[Opening Record extracts section]
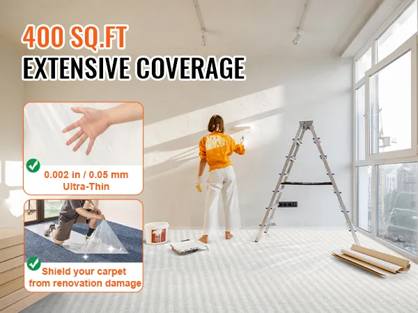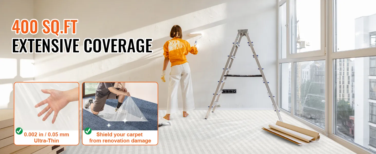 De beste vloer- en oppervlaktebescherming biedt uitstekende bescherming voor uw tapijten. Het beschermt tegen verf, voetafdrukken en krassen. U kunt met gemak tot 400 vierkante voet bedekken. Dit houdt het uiterlijk van uw tapijten als nieuw. Is deze folie bestand tegen de ontberingen van renovatie? Het is perfect voor zowel kleine als grote projecten. Gebruik het om uw vloeren te beschermen tegen vuil en puin. Perfect voor bouwplaatsen. Het schoonmaken na projecten is eenvoudig en snel. En het zorgt ervoor dat uw tapijten schoon en onbeschadigd blijven.
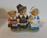 The Cherished Teddies "Faith Of Our Fathers" Figurine features a 5" x 4" x 2" ceramic design. Manufactured in 2000 by Enesco, this handcrafted figurine captures the Thanksgiving theme with a brown color scheme. This collectible piece from the 2000s, made in China, is a heartfelt addition to any holiday and seasonal decor collection.
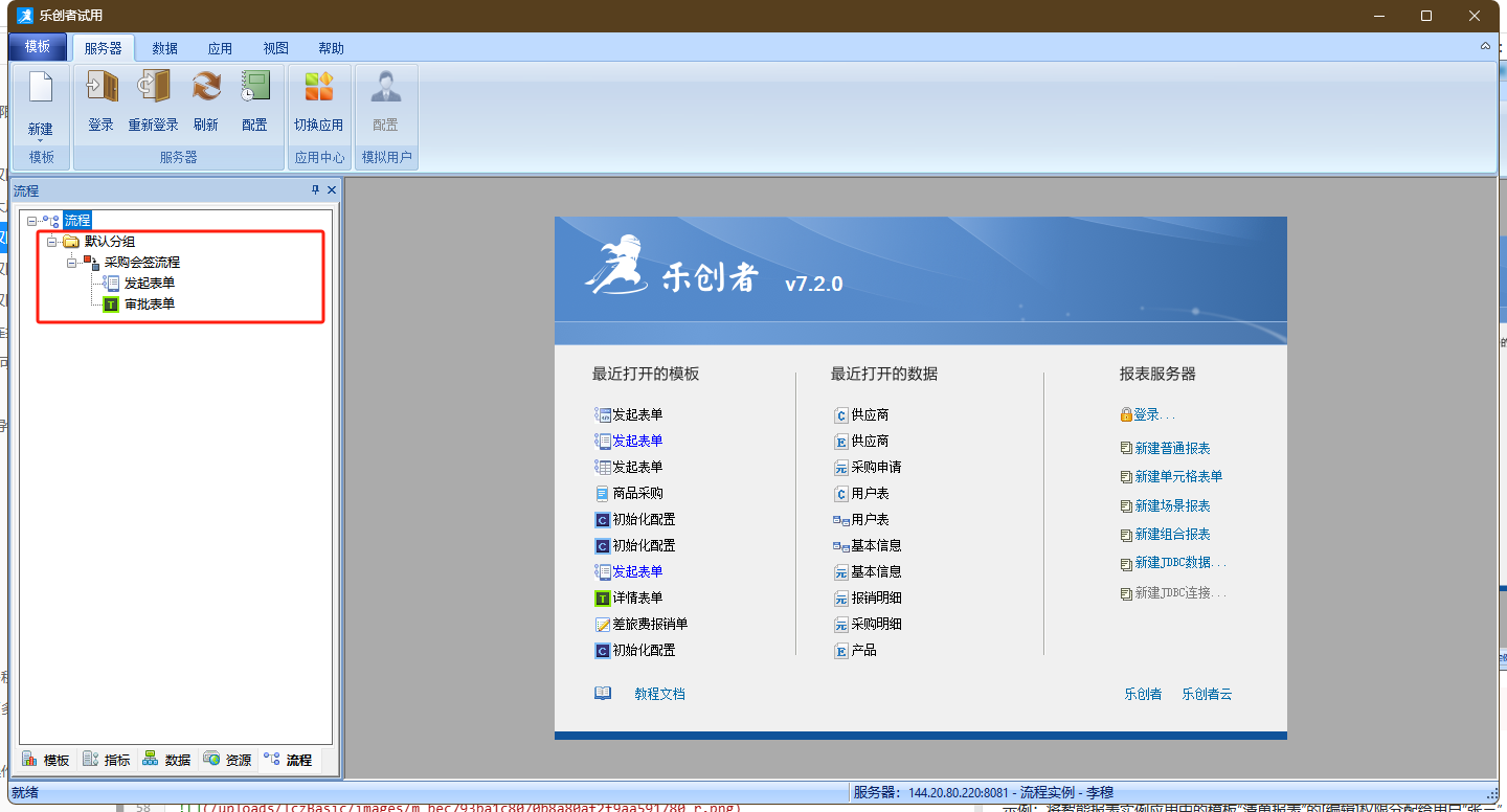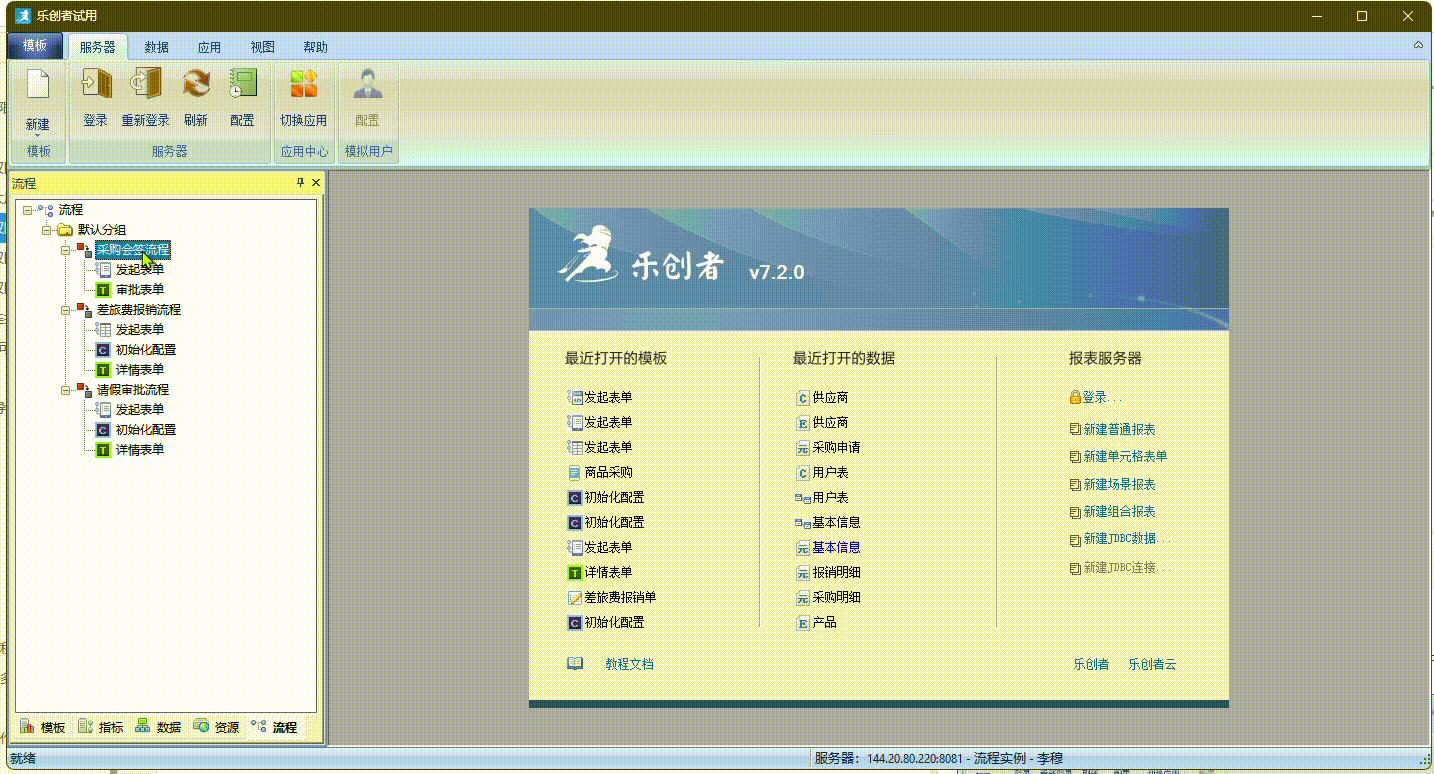 同样使用“李穆”的身份登录设计器,此时“李穆”拥有三个流程的可见权限,因此可以看到三个流程,但其仅有“采购会签流程”的编辑权限,因此仅能对工作流“采购会签流程”进行设计和编辑,如下图:
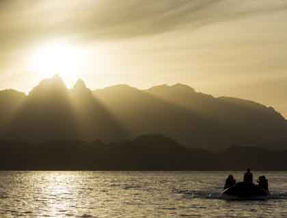 Another magical day in Baja California unfolds as the National Geographic Sea Lion approaches Isla San Esteban just after sunrise. The colorful layers of folded, faulted, and contorted rock exposed in the sea cliffs glow in the morning light. A fresh breeze is blowing from the north, so we tuck in close to the island for protection. Conditions are perfect for going ashore to explore.
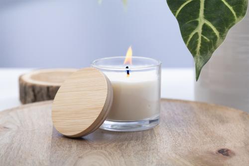 Vanilla scented plant-based wax candle in glass holder with bamboo lid. With 95 grams of wax. In kraft paper box.
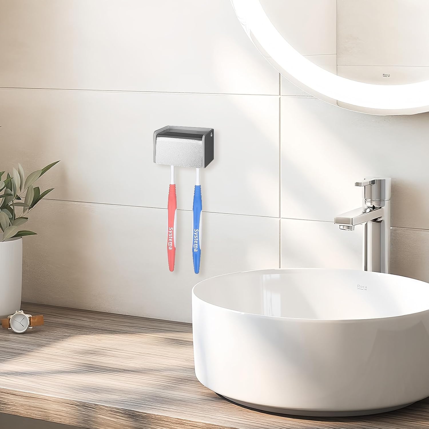 - Self adhesive toothbrush holder is easy to install, self adhesive, no drilling.
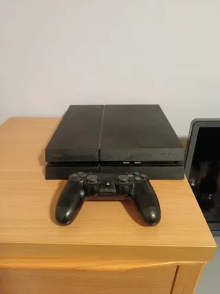 Consola de videojuegos PlayStation 4 en color negro, junto con su mando. - Diseño elegante y compacto. - Incluye un mando DualShock 4.
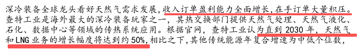 杰瑞股份(EPC、压缩机)、纽威股份(阀门)、万泽股份(燃气轮机叶片)、中泰股份(深冷装置)、福斯达(深冷装置)、应流股份(燃气轮机叶片)、西子洁能(燃机余热锅炉)、东方电气(燃气轮机)等。
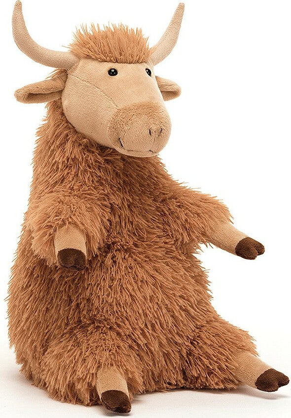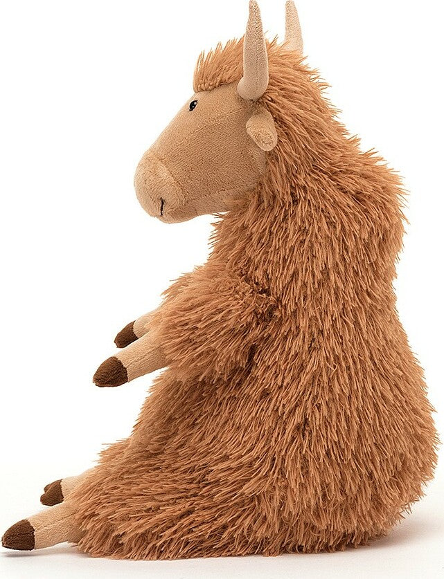 FLOMP! That's the sound of Herbie Highland Cow enjoying a well-earned rest! Scrumptiously shaggy in gingery fur, with cocoa-dipped hooves and petal-fold ears, this rumply cow has fine suedey horns, a two-tone nose and a field full of snuggles. Who's up for buttercup porridge?
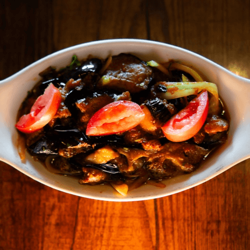 Fresh sliced eggplant sauteed with ginger, garlic, and fresh tomatoes.
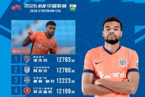 体育资讯4月6日讯 今日,中超联赛官方公布了第4轮跑动榜,海牛外援埃朱马连续两轮登顶,本轮他的跑动距离为12783米,英博外援阿利米仅以3米之差列第二位。
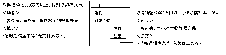 (延長)製造業、旅館業(過疎に類する地区のみ)及び農林水産物等販売業の用に供する設備の特別償却(機械・装置 10%、建物・附属設備 6%)
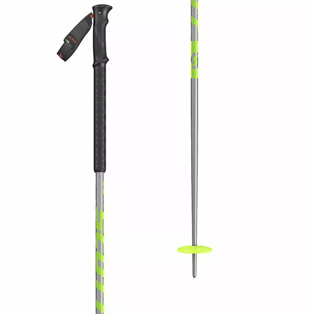 Designed for backcountry travel, the Scott Riot 18 Rubber Ski Poles feature a long rubber grip zone so you can optimize your hand position while skinning, bootpacking, or traversing across uneven terrain. The thick, durable aluminum alloy shaft provides long-lasting durability and stability with every pole plant, and the carbon diamond tip provides a reliable grip in firm snow. Scotts S.R.S strap releases from the pole grip when it’s tensioned, which enhances safety during a fall.
[Closing Record extracts section]
Task to carry out -
Only what runs from the line holding "杰瑞股份(EPC、压缩机)、" through the end of the entries above is to be given again, exactly, with every picture omitted.

Result -
 杰瑞股份(EPC、压缩机)、纽威股份(阀门)、万泽股份(燃气轮机叶片)、中泰股份(深冷装置)、福斯达(深冷装置)、应流股份(燃气轮机叶片)、西子洁能(燃机余热锅炉)、东方电气(燃气轮机)等。
 FLOMP! That's the sound of Herbie Highland Cow enjoying a well-earned rest! Scrumptiously shaggy in gingery fur, with cocoa-dipped hooves and petal-fold ears, this rumply cow has fine suedey horns, a two-tone nose and a field full of snuggles. Who's up for buttercup porridge?
 Fresh sliced eggplant sauteed with ginger, garlic, and fresh tomatoes.
 体育资讯4月6日讯 今日,中超联赛官方公布了第4轮跑动榜,海牛外援埃朱马连续两轮登顶,本轮他的跑动距离为12783米,英博外援阿利米仅以3米之差列第二位。
 (延長)製造業、旅館業(過疎に類する地区のみ)及び農林水産物等販売業の用に供する設備の特別償却(機械・装置 10%、建物・附属設備 6%)
 Designed for backcountry travel, the Scott Riot 18 Rubber Ski Poles feature a long rubber grip zone so you can optimize your hand position while skinning, bootpacking, or traversing across uneven terrain. The thick, durable aluminum alloy shaft provides long-lasting durability and stability with every pole plant, and the carbon diamond tip provides a reliable grip in firm snow. Scotts S.R.S strap releases from the pole grip when it’s tensioned, which enhances safety during a fall.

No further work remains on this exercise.